------ DATA SEGMENT ------
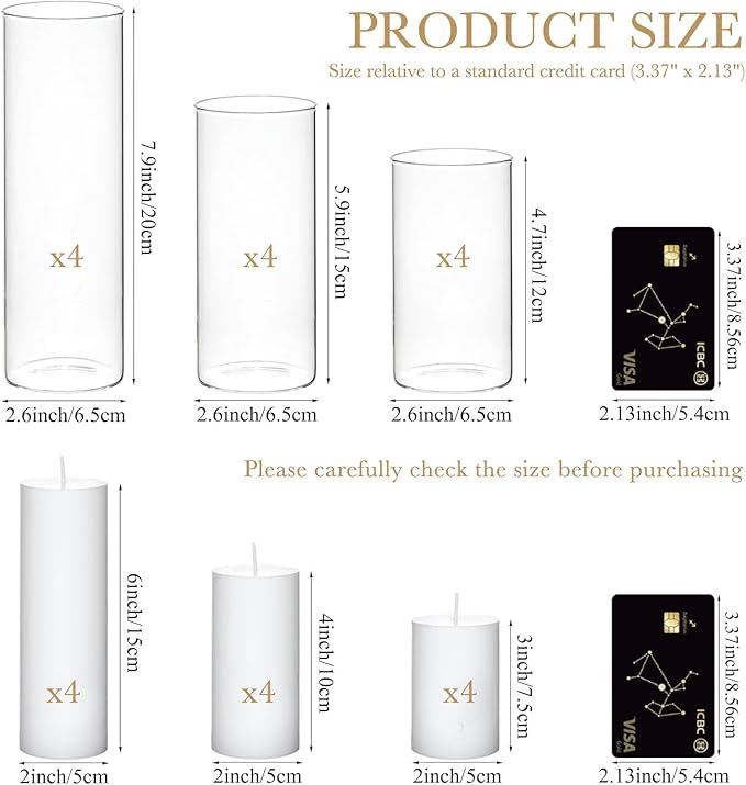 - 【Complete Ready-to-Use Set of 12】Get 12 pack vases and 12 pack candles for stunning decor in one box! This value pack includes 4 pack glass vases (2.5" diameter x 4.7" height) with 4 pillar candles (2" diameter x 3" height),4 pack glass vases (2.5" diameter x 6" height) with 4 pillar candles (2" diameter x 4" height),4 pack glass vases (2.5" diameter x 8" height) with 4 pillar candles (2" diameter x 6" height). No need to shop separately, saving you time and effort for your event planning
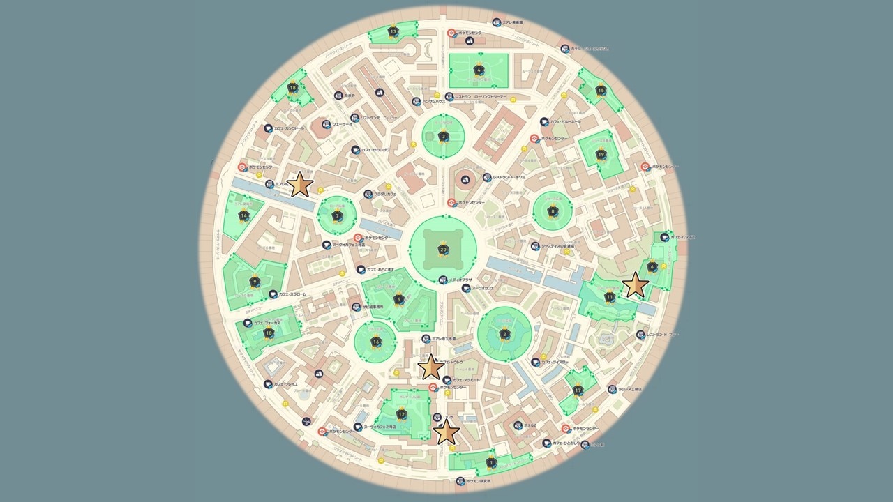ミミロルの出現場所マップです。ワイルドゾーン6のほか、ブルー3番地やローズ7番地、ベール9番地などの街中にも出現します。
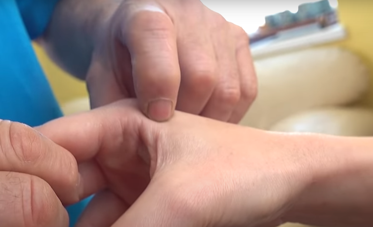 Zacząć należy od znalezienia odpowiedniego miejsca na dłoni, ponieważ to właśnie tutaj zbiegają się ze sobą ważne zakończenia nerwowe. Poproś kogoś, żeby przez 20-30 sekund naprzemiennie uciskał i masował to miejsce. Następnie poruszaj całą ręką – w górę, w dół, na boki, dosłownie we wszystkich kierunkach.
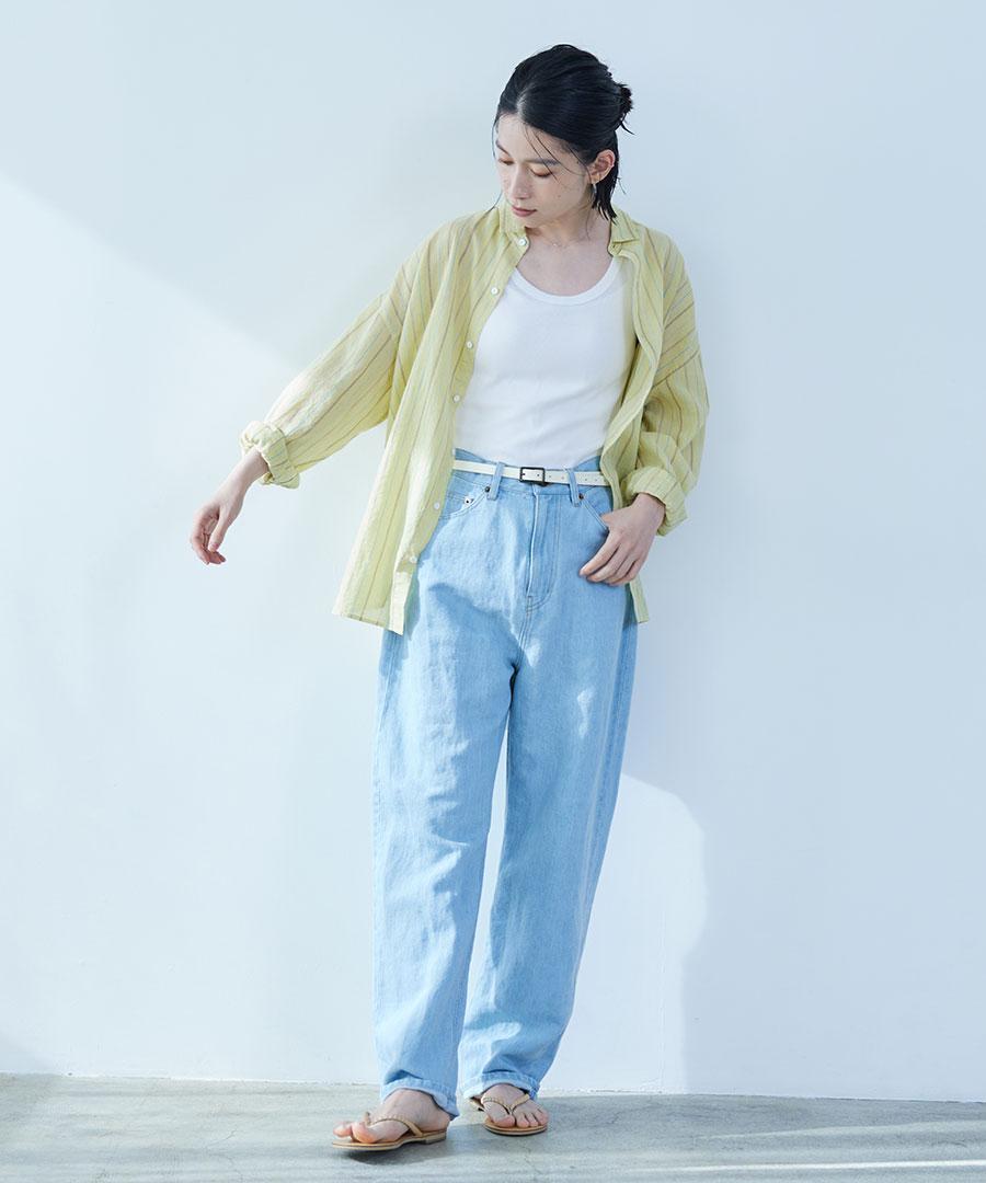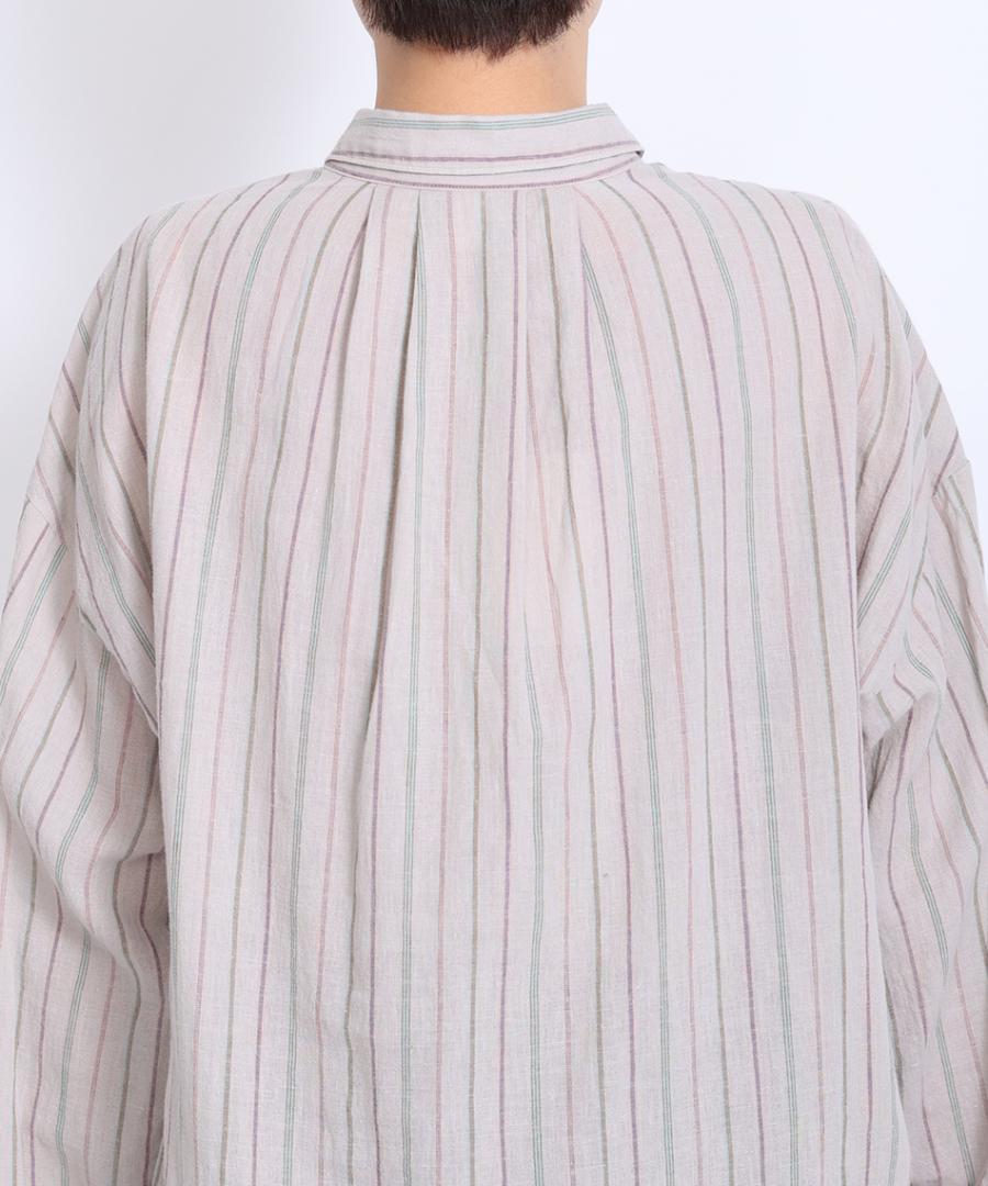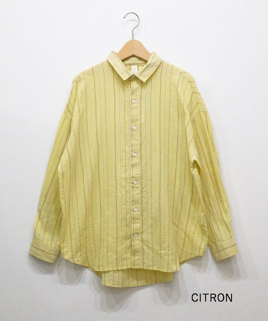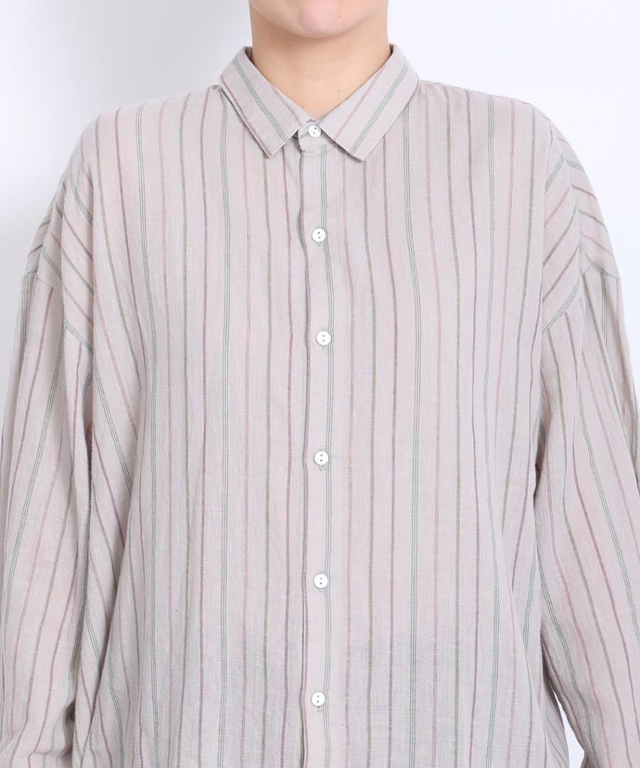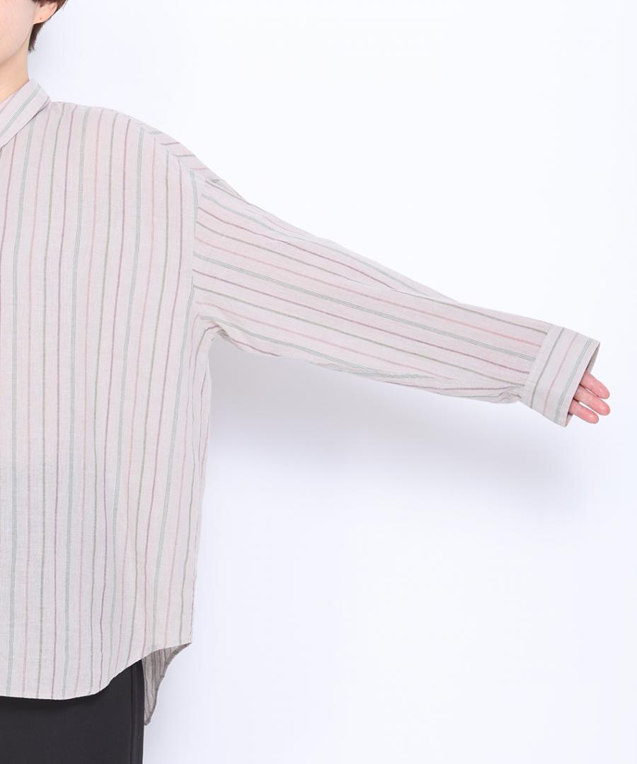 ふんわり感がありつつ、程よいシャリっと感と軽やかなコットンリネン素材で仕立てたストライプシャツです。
------
AIM OF THE EXERCISE: Give the lines from the one containing "Zacząć należy od" through the final line of the material again, exactly and in full, but without pictures.

OUTPUT OF THE TASK:
 Zacząć należy od znalezienia odpowiedniego miejsca na dłoni, ponieważ to właśnie tutaj zbiegają się ze sobą ważne zakończenia nerwowe. Poproś kogoś, żeby przez 20-30 sekund naprzemiennie uciskał i masował to miejsce. Następnie poruszaj całą ręką – w górę, w dół, na boki, dosłownie we wszystkich kierunkach.
 ふんわり感がありつつ、程よいシャリっと感と軽やかなコットンリネン素材で仕立てたストライプシャツです。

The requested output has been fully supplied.